▸ Problem statement
Copy out exactly the stretch of the listing below that begins at the line containing "Born in Tonawanda, New" and ends at the line containing "Zbudili smo se", and copy nothing outside it.

Extracted records below:

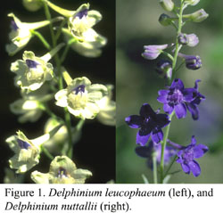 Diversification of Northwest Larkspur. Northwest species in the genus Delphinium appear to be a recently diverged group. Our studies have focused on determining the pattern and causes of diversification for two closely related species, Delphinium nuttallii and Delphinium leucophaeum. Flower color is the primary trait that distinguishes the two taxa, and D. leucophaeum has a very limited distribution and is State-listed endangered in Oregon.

End of Extracted records.
Extracted records below:

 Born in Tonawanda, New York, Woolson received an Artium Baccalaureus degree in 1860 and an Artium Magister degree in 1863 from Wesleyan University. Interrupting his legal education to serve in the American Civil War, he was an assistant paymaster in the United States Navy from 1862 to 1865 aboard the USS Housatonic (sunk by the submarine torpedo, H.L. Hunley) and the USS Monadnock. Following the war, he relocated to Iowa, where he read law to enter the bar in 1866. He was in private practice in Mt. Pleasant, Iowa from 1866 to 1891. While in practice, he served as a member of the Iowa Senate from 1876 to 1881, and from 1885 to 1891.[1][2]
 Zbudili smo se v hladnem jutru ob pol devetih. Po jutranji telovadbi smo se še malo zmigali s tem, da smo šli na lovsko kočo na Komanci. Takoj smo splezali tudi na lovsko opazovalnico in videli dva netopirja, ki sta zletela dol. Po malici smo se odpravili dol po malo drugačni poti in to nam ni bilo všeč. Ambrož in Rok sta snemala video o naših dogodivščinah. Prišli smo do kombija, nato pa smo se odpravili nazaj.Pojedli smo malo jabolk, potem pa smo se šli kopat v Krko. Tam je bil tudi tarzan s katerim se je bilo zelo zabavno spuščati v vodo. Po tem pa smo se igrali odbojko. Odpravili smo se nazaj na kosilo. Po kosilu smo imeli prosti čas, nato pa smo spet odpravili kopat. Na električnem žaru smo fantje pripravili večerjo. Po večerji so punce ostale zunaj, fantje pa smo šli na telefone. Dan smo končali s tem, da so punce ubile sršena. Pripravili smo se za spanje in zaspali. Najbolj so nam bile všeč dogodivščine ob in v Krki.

End of Extracted records.
Extracted records below:

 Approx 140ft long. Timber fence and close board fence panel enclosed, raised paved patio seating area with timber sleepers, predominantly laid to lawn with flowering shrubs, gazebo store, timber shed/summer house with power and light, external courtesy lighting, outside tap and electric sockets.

End of Extracted records.

▸ Exercise answer
 Born in Tonawanda, New York, Woolson received an Artium Baccalaureus degree in 1860 and an Artium Magister degree in 1863 from Wesleyan University. Interrupting his legal education to serve in the American Civil War, he was an assistant paymaster in the United States Navy from 1862 to 1865 aboard the USS Housatonic (sunk by the submarine torpedo, H.L. Hunley) and the USS Monadnock. Following the war, he relocated to Iowa, where he read law to enter the bar in 1866. He was in private practice in Mt. Pleasant, Iowa from 1866 to 1891. While in practice, he served as a member of the Iowa Senate from 1876 to 1881, and from 1885 to 1891.[1][2]
 Zbudili smo se v hladnem jutru ob pol devetih. Po jutranji telovadbi smo se še malo zmigali s tem, da smo šli na lovsko kočo na Komanci. Takoj smo splezali tudi na lovsko opazovalnico in videli dva netopirja, ki sta zletela dol. Po malici smo se odpravili dol po malo drugačni poti in to nam ni bilo všeč. Ambrož in Rok sta snemala video o naših dogodivščinah. Prišli smo do kombija, nato pa smo se odpravili nazaj.Pojedli smo malo jabolk, potem pa smo se šli kopat v Krko. Tam je bil tudi tarzan s katerim se je bilo zelo zabavno spuščati v vodo. Po tem pa smo se igrali odbojko. Odpravili smo se nazaj na kosilo. Po kosilu smo imeli prosti čas, nato pa smo spet odpravili kopat. Na električnem žaru smo fantje pripravili večerjo. Po večerji so punce ostale zunaj, fantje pa smo šli na telefone. Dan smo končali s tem, da so punce ubile sršena. Pripravili smo se za spanje in zaspali. Najbolj so nam bile všeč dogodivščine ob in v Krki.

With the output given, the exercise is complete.